Monday, August 22, 2011

Caraphernelia.



- fucking annoying -

So, I've taken some quizzes in Google. this is what it says. and I added something somehow. cliche huh.
lots of people don't seem to quite understand me. especially people who are very dear to me.
erm..Nope.

This is very me.

Ruthless character, carefully weighing her decisions in critical situations, with excellent self-control
and strong will. Such people are generally liked, but not always loved.
Not always laugh, but always smile.
Can't really be predicted.
I like to hide my real feelings, I like to be seen as the bad one to protect people that I LOVE or CARE.
I like to provoke people.
I must show people how strong I am, mentally and physically. except, I'm not.
I never cry except if there's a death of people that I love, or I found out that my siblings or my parent deceived me.
Gimme bunch of shits, i'll throw it back to ya,
Gimme bunch of bitches, i'll cut their mouth and slit their throat.
My lesson is to combat violence and disharmony in our world.



I love being around people, and I am deeply committed to my friends.
I am also unconventional, irreverent, and unimpressed by authority.
Incredibly perceptive, I can usually sense if someone has hidden motives.
I use lots of colorful language and expressions. I'm quite the storyteller despite that i'm quite a stutter lol!

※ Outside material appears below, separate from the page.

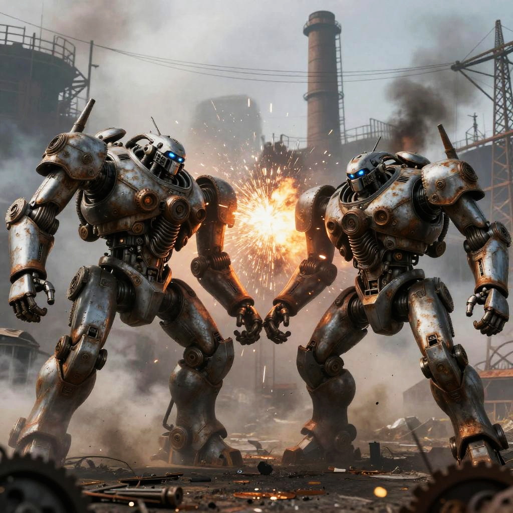 Epic Dieselpunk Mech Battle Scene

In love, i am quite the charmer. And I definitely willing to risk my heart.
I often don't follow through with my flirting or professed feelings. I break a lot of hearts.

I just always seem to enjoy what I do.
I would make an excellent entrepreneur, politician, or journalist.

How I see myself: compassionate, unselfish, and understanding

When other people don't get me, they see me as: gushy, emotional, and unfocused
I'm quite rebellious, and I don't like being told what to do. I like to do things your way.
I have my own unique style, taste in music, and outlook on life.


My personality type is goofy, imaginative, relaxed, and brilliant.